> EXERCISE DATA:
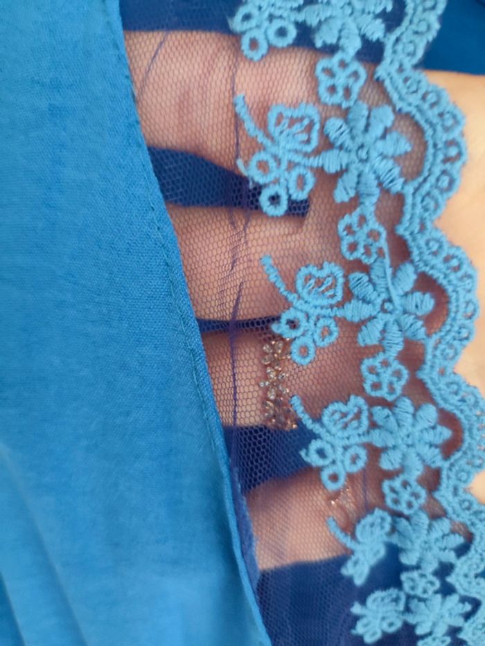 Robe bleu électrique Voile dentelle aux manches et dans le dos Pas d'étiquette de composition taille unique (du 38 au 42)
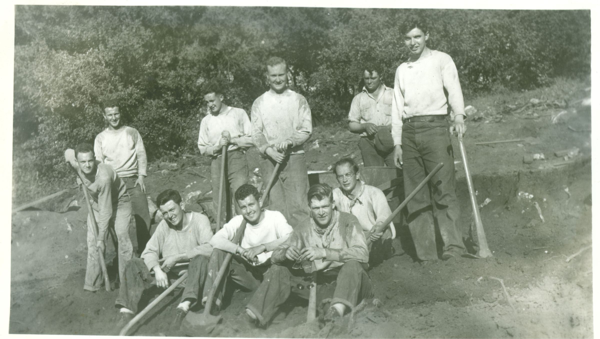 Novices working on baseball field at Novitiate of the Sacred Heart, Los Gatos, March 16, 1939. 1893-1962 "Dutch Francis Seeliger Master of Novices" was something of a frustrated engineer. Novices always had projects. Juniors spent more time studying. NVC055Collection
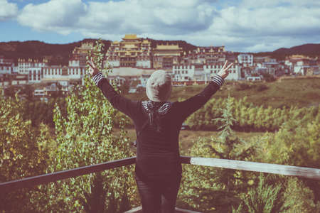 Yunnan,China - April 16,2017 : Songzanlin Temple is the largest Tibetan Buddhism monastery in Yunnan Province.It is called the Little Potala Palace or Ganden Sumtseling Monastery.
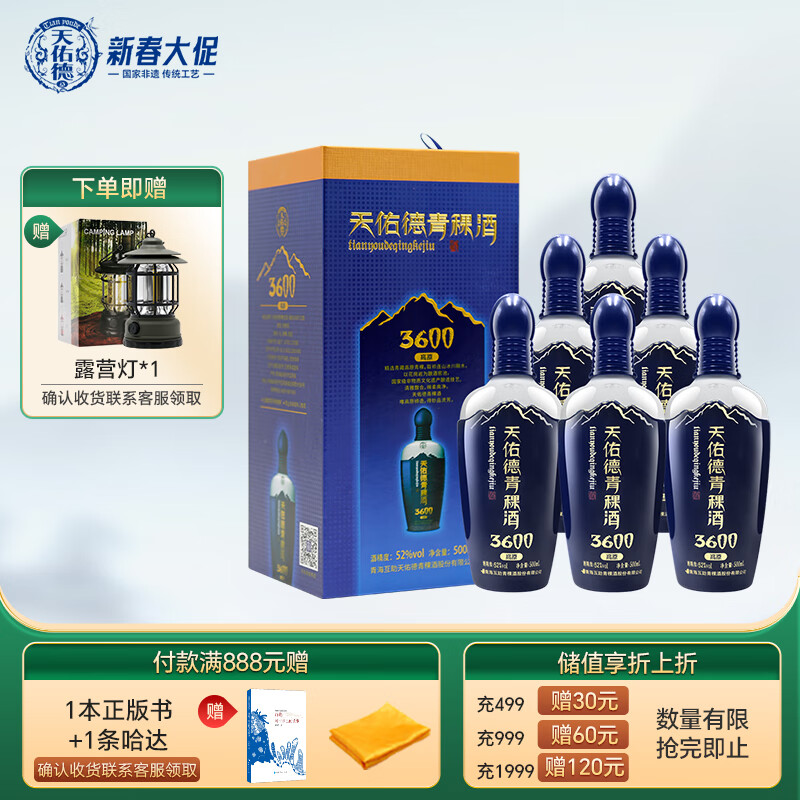 天佑德 海拔3600 清香型白酒 52度 500ml*6瓶 整箱装【青海青稞酒】价格:1288.00元!
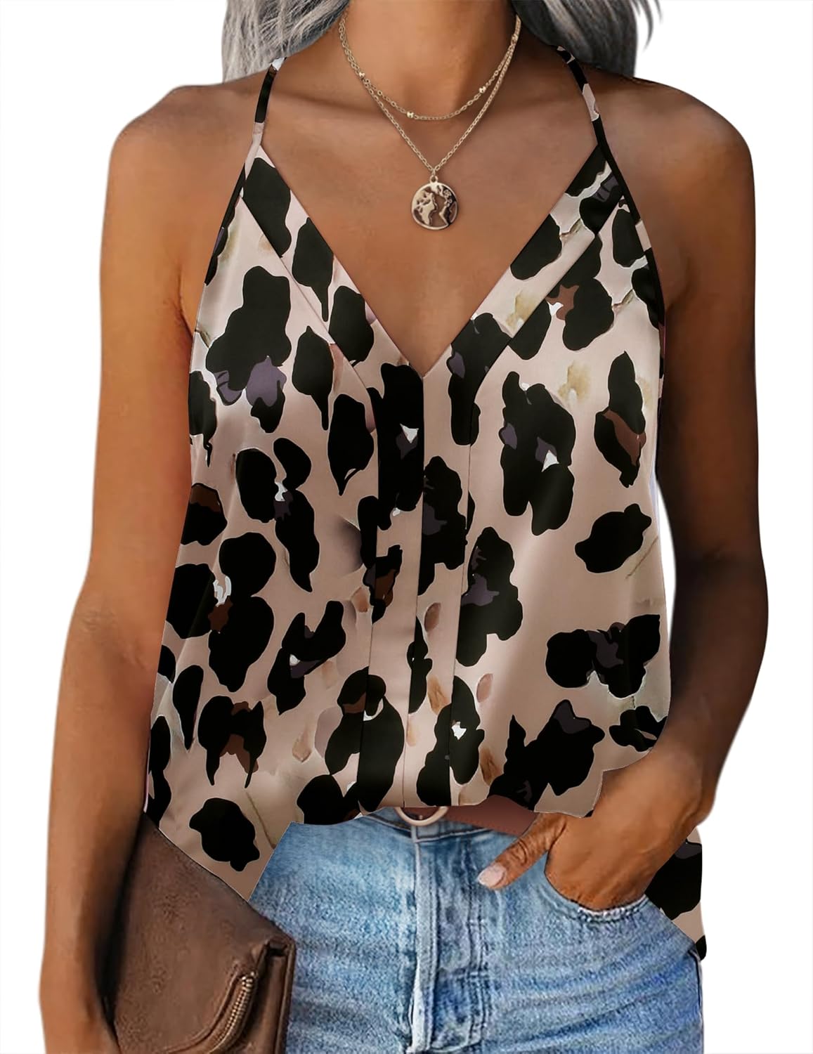 Zeagoo Womens Silk Satin Tank Tops V Neck Sleeveless Camisole Cami Spaghetti Straps Blouse Summer Loose Racerback Shirt
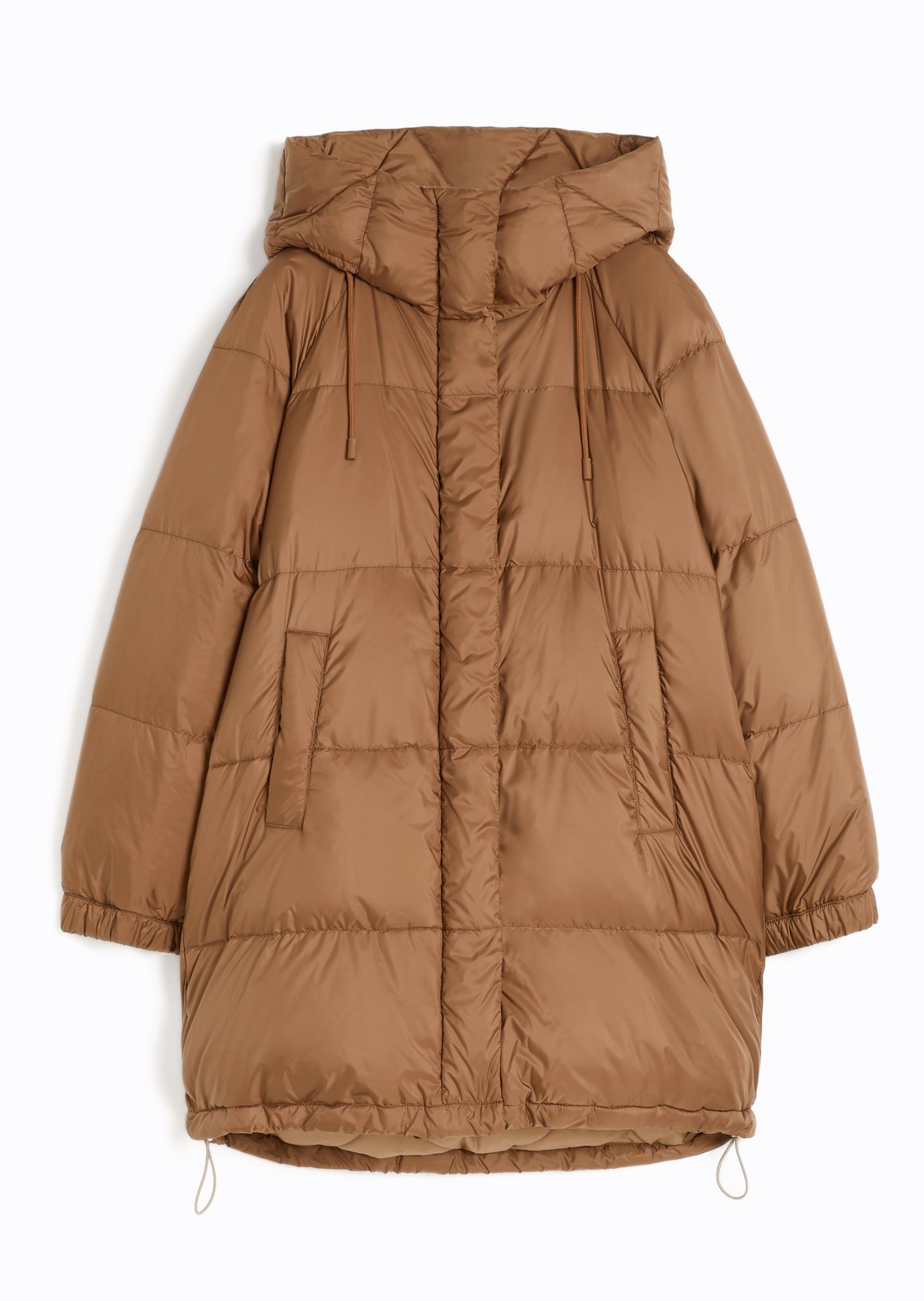 Подовжений пуховик Max Mara Weekend із щільного поліестеру з матовою поверхнею та утеплювачем, що забезпечує тепло й легкість. Модель прямого крою з капюшоном, застібкою-блискавкою та практичними боковими кишенями — поєднання функціональності та стриманої елегантності. Насичений коричневий відтінок підкреслює сучасний характер виробу. Поєднується з трикотажем, брюками вільного крою та міським взуттям — ідеальна база для повсякденних і демісезонних образів.
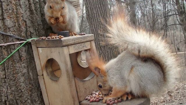 Две белочки-девочки кушают орешки и не ругаются
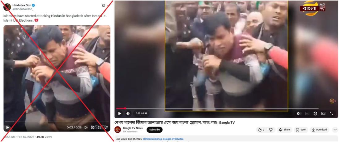 ১৬ ফেব্রুয়ারি ২০২৬ তারিখে ফেসবুকে ছড়ানো একটি পোস্টের ক্যাপশনে বলা হয়, “জামায়াতে ইসলামী নির্বাচনে হেরে যাওয়ার পর থেকে ইসলামপন্থীরা বাংলাদেশে হিন্দুদের উপর আক্রমণ শুরু করেছে।”
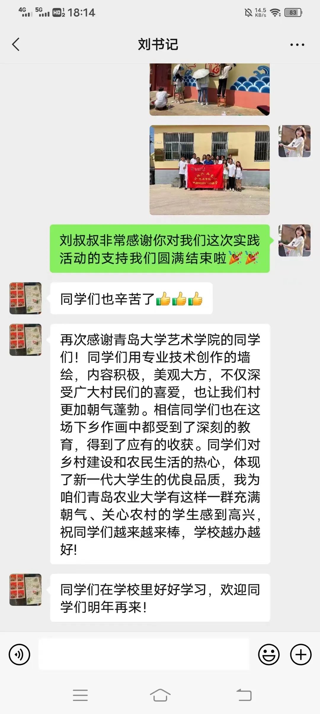 实践活动过后,村支书对此次实践活动成果给予高度赞扬,并表达对同学们的感谢,他表示,熊猫体育同学们创作的墙绘内容积极、美观大方,进一步提升了乡村精神文化风貌,深受村民们的喜爱。
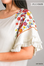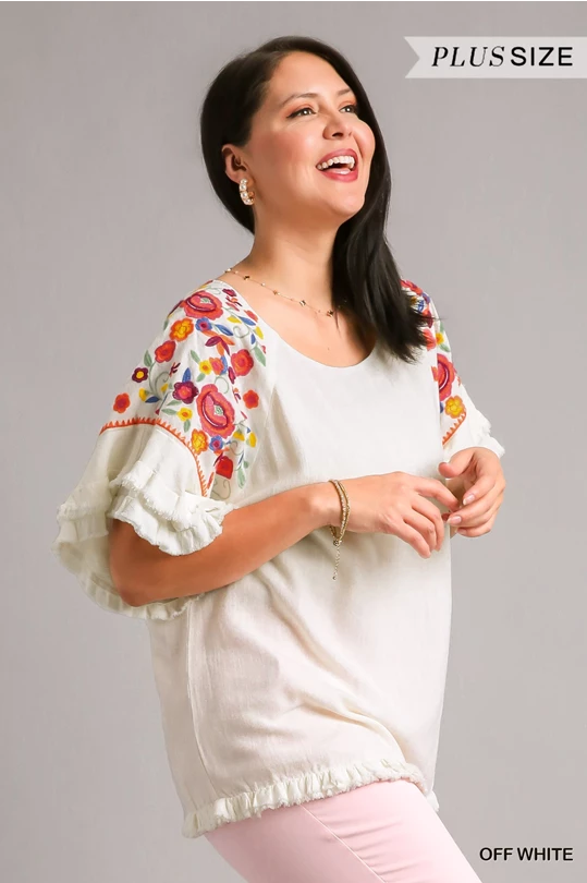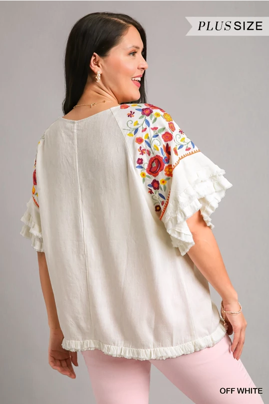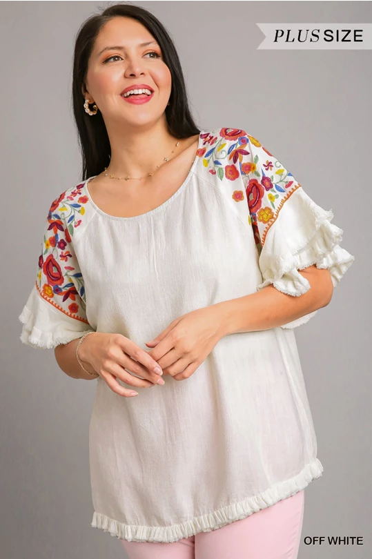 Embroidery Round Neck Top with Unfinished Frayed Hem • Not Lined.Fabric Contents:• 55% Linen • 45% Cotton

> YOUR TASK:
Each line from the beginning of the entries up to and including the one containing "Zeagoo Womens Silk" must be restated exactly. Pictures are to be left out.

> RESPONSE FOR THIS EXERCISE:
 Robe bleu électrique Voile dentelle aux manches et dans le dos Pas d'étiquette de composition taille unique (du 38 au 42)
 Novices working on baseball field at Novitiate of the Sacred Heart, Los Gatos, March 16, 1939. 1893-1962 "Dutch Francis Seeliger Master of Novices" was something of a frustrated engineer. Novices always had projects. Juniors spent more time studying. NVC055Collection
 Yunnan,China - April 16,2017 : Songzanlin Temple is the largest Tibetan Buddhism monastery in Yunnan Province.It is called the Little Potala Palace or Ganden Sumtseling Monastery.
 天佑德 海拔3600 清香型白酒 52度 500ml*6瓶 整箱装【青海青稞酒】价格:1288.00元!
 Zeagoo Womens Silk Satin Tank Tops V Neck Sleeveless Camisole Cami Spaghetti Straps Blouse Summer Loose Racerback Shirt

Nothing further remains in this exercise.